Известный американский философ-прагматист Ричард Рорти, в отличие от многих из своих коллег, питает к литературе давний и неподдельный интерес, причины которого понятны — именно литература в его понимании более продуктивна в содействии моральным, политическим и социальным реформам, чем традиционная метафизика, веками пытавшаяся решать эти проблемы путем поиска общих неизменных оснований. Она же, но в другой ипостаси, прекрасно приспособлена для достижения “приватной автономии”, реализации “идиосинкратических фантазий” и т. д.

Рорти постоянно призывает не смешивать эти два одинаково нужных жанра, не устанавливать между ними иерархии (ведь мы не обладаем никакой нейтральной “третьей” точкой зрения для того, чтобы их сравнивать). По его мнению, достаточно признать, что Оруэлл, озабоченный снижением уровня социальной жестокости, и Набоков, выводящий, подобно Мичурину, и осуждающий новый, дотоле неизвестный вид жестокости, связанный со стремлением в автономии и приватному совершенству (в жертву этому стремлению походя приносится жизнь других людей) просто занимаются разными, несравнимыми и одинаково полезными вещами. Их подведение под рубрику “Литература” ничего не дает ни читателю, ни аналитику; с этим общим понятием можно безболезненно расстаться. Вместо цельных блоков “эстетического” и “морального”, противопоставленных и подчиненных один другому — как существенное побочному, долг — удовольствию и подлинно важное — второстепенному — Рорти предлагает просто различать “книги, помогающие стать автономными” и “книги, помогающие быть менее жестокими”.

Последнюю разновидность книг он разделяет на две подкатегории: “1) те, которые помогают нам увидеть воздействие на других социальных практик и институтов и 2) те, которые помогают нам увидеть воздействие на других наших приватных идиосинкразий” (1).

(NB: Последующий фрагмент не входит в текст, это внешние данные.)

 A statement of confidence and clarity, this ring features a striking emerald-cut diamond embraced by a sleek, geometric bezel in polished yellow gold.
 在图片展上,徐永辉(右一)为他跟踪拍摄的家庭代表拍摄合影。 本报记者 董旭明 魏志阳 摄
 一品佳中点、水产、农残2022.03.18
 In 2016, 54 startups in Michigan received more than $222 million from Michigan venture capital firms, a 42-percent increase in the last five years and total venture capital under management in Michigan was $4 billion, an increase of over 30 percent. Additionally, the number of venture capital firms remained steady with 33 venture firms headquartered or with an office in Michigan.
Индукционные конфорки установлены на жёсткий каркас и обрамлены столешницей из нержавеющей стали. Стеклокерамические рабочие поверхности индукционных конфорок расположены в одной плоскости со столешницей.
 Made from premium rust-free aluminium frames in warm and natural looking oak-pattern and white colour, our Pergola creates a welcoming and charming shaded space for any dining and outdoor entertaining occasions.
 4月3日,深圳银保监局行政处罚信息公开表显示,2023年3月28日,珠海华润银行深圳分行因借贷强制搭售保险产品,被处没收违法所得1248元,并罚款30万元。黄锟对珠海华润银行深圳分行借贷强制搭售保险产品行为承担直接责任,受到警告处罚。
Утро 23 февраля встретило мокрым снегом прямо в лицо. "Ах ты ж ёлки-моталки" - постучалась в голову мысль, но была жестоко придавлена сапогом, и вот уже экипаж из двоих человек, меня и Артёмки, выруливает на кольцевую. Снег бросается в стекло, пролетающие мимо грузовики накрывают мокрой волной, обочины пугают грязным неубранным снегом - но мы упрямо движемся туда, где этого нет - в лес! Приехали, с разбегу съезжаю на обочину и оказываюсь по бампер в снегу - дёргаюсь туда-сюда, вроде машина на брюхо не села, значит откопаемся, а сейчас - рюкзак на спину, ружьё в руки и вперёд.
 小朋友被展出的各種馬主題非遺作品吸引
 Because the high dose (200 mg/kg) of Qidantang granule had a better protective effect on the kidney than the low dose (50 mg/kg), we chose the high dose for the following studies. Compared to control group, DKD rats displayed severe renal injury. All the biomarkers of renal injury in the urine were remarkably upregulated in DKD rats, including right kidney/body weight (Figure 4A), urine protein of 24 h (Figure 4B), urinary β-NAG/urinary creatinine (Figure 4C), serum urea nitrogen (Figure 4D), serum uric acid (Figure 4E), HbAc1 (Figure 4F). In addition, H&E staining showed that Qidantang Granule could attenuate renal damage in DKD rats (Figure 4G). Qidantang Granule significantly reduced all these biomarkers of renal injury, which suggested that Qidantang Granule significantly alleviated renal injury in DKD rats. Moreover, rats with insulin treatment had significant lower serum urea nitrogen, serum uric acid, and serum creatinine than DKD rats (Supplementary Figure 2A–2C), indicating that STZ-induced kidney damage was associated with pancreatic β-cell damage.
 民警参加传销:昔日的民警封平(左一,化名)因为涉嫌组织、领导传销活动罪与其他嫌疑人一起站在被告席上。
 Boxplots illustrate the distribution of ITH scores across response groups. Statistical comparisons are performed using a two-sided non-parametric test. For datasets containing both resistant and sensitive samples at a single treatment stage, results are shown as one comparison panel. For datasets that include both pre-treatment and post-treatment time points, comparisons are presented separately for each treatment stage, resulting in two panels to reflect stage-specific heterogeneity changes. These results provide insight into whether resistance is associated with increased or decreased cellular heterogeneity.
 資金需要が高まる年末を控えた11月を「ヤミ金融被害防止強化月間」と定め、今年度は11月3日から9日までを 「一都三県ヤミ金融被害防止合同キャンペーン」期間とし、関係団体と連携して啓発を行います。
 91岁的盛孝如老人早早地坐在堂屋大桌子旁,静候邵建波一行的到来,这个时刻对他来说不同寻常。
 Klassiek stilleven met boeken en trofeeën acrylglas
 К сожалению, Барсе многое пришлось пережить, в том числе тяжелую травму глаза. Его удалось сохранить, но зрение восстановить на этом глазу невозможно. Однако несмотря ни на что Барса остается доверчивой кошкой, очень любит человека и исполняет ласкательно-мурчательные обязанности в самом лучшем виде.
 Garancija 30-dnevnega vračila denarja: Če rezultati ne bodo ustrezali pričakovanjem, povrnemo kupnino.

Лучшие книги Владимира Набокова (а таковы, считает Рорти, прежде всего “Лолита”и “Бледное пламя”), вопреки теоретическим заявлениям их творца, принадлежат ко второй подкатегории и помогают читателю понять, какая опасность для других связана с поиском приватного совершенства, к которому стремятся Гумберт Гумберт и Чарльз Кинбот, с какой неосознанной ими самими жестокостью ведется этот поиск.

При этом сам Набоков — и Рорти прекрасно это знает — вовсе не стремился заклеймлять заложенную в стремлении к приватному совершенству жестокость, тем самым косвенно совершая нечто социально-полезное (по крайней мере это стремление не декларировалось им как цель). Его литературное кредо было на первый взгляд образчиком эстетизма в стиле fin du siecle:

“Для меня рассказ или роман существует только постольку, поскольку доставляет мне то, что попросту назову эстетическим наслаждением, а это, в свой черед, я понимаю, как особое состояние, при котором чувствуешь себя — как-то, где-то, чем-то — связанным с другими формами бытия, где искусство (т. е. любознательность, нежность, доброта, стройность, восторг) есть норма. Все остальное, это либо журналистская дребедень, либо, так сказать, Литература Больших Идей, которая, впрочем, ничем не отличается от дребедени обычной. . .” (2)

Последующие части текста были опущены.